Эдик Савенко, подросток из Харькова, 77 лет, умер от осложнений после операции. Покойный много лет успешно выдавал себя за давно умершего писателя Лимонова
Фото: EPA/UPG

Эдуард Савенко, еще молодой, то есть, так и не достигший моральной зрелости человек, и, несомненно, талантливый в прошлом писатель, получивший известность под псевдонимом Лимонов, умер 17 марта после неудачной онкологической операции на гортани.

Начало пути

Уроженец Харькова, Савенко в 1966-67 годах, в две попытки, сумел закрепиться в Москве, обретя, благодаря первой жене, Анне Рубинштейн, некоторые знакомства в творческих кругах шестидесятников, известных фрондерством в рамках дозволенного в отношении советской власти. Первоначально он зарабатывал на жизнь частным пошивом брюк, что в условиях СССР уже было полукриминальной деятельностью - и требовало некоторой смелости. По-видимому, шил он хорошо - в числе его клиентов были Эрнст Неизвестный и Булат Окуджава. Одновременно Савенко занимался поэтическими опытами, в итоге войдя в группу поэтов "Конкрет", совершенно сейчас забытую, и совершенно не признаваемую, а, следовательно, и не печатаемую в то время в СССР, где и обрел псевдоним Лимонов.

В 1971 году Савенко женился на Елене Щаповой, бывшей жене художника Виктора Щапова, и тоже поэтессе. В 1974 году был выпущен из СССР по израильской визе, хотя ни он, ни Щапова не были евреями. По версии, которой в дальнейшем всегда держался писатель Лимонов, из страны Савенко выдавил КГБ, предложив выбор между отъездом и сотрудничеством. Но для тех, кто еще не забыл жизнь в СССР, эта версия смехотворна. В реалиях СССР предложение о сотрудничестве со спецслужбами могло содержать в качестве альтернативы только тюремный срок, заключение в психиатрическую больницу, в самом лучшем, блатном случае, всего лишь административную высылку и потерю возможности заработать на жизнь. Выезд же за границу, если речь не шла об очень уж известном человеке, ставшем очень уж неудобным для советской власти, можно было только заслужить - и заслужить его было адски трудно. А, поскольку, ни Савенко, ни Щапова не были всемирно известны, и не находились в фокусе внимания мировых СМИ, то для них столь широкий жест властей был возможен лишь в обмен на согласие сотрудничать. Таким образом, факт вербовки Савенко и (или) его супруги, а, скорее всего, их обоих, можно считать бесспорным и очевидным.

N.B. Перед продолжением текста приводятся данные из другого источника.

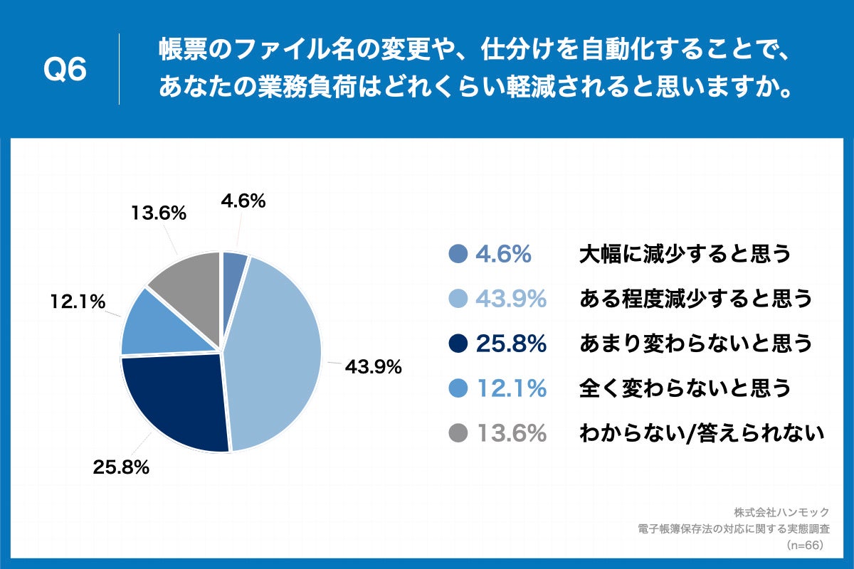 「Q6.Q5で「自動化されていない」「わからない/答えられない」と回答した方に、帳票のファイル名の変更や、仕分けを自動化することで、あなたの業務負荷はどれくらい軽減されると思いますか。」(n=66)と質問したところ、「大幅に減少すると思う」が4.6%、「ある程度減少すると思う」が43.9%という回答となりました。
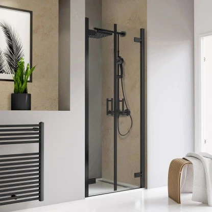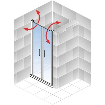 Die Schulte Pendeltür Toura besteht aus zwei 8 mm starken Glaselementen (Sicherheitsglas, ESG), welche mit je zwei pendelbaren Scharnieren an wiederum zwei eleganten, schwarzen Wandanschlussprofilen befestigt sind. Diese Türelemente sind mit Hilfe von zwei formschönen Türgriffen, die ebenfalls in modernem Schwarz überzeugen, flexibel nach innen und nach außen zu pendeln. Diese praktische Konstruktion ermöglicht etwa das einfache Auslüften des Duschbereichs nach dessen Nutzung, ohne die Duschtüren in den Raum zu bewegen.
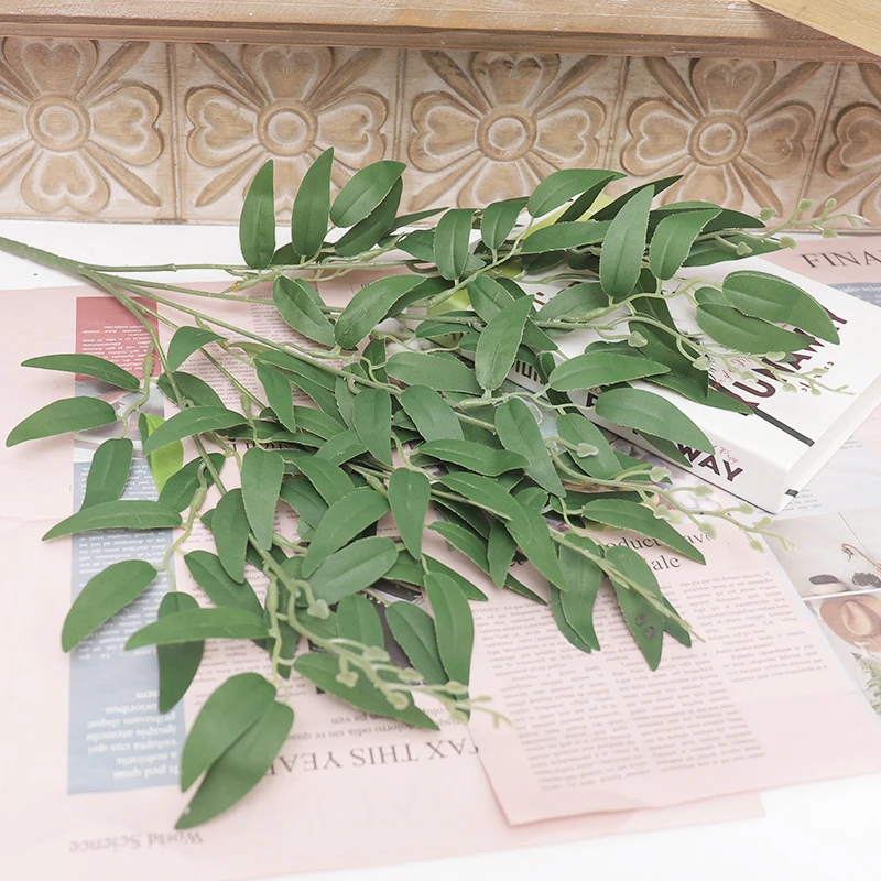 5 Branches Artificial Willow Bouquet Silk Fake Green Leaves Wedding Backdrop Christmas Decor Faux Foliage Jungle Party Plants
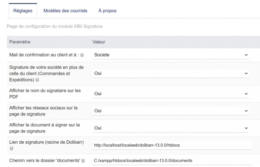 - Drop the folder ‘mbisignature’ in htdocs/custom or use the option ‘Deploy/install external app/module’ in the list of modules.

Впрочем, сам по себе этот факт еще ничего не значил. Невозможно держать человека на крючке десятилетиями, если только он не желает этого сам. В советскую жизнь Савенко явно не вписывался, в СССР ему было делать нечего, а иного способа вырваться из крепостной советской зависимости, исключая прямой побег, что было по силам и духу лишь единицам, а удавалось еще реже, в те годы просто не существовало. Иными словами, что бы ни подписал Савенко перед выездом, и какой бы компромат, в рамках реально возможного, ни накопили на него в КГБ, у него был выбор. Оказавшись за границей, он мог, при желании, отказаться от любых, принятых перед отъездом, обязательств. Но, как мы увидим, Савенко не стал этого делать, сочтя сотрудничество в обмен на покровительство выгодным для себя.

Внедрение и раскрутка

Оказавшись на Западе, Савенко приехал в Нью-Йорк, где в 1975-1976 годах работал корректором в газете "Новое русское слово" и одновременно писал в русской эмигрантской прессе обличительные статьи против капитализма и буржуазного образа жизни. Такого рода статьи, широко изготовляемые и в наши дни, были и остаются частью многолетней спецоперации по разложению антикремлевской части советской/российской диаспоры и созданию благоприятного фон для вербовки из её рядов советской агентуры, а также по созданию антиэмигрантских настроений в самом СССР/РФ. И в рамках внутренней части этой операции советская газета "Неделя" в 1976 году перепечатала из "Нового русского слова" опубликованную там в ноябре 1975 года статью "Разочарование" (речь шла о разочаровании эмигранта в реалиях Запада) - первую и единственную до 1989 года публикацию Лимонова в СССР. Эта публикация привела к его увольнению из "Нового русского слова", работа в котором была сочтена редакцией несовместимой с признанием в Союзе, пусть и не его по воле (понятно, что влиять на публикацию в "Неделе" сам Лимонов не мог, и в этом его никто не обвинял).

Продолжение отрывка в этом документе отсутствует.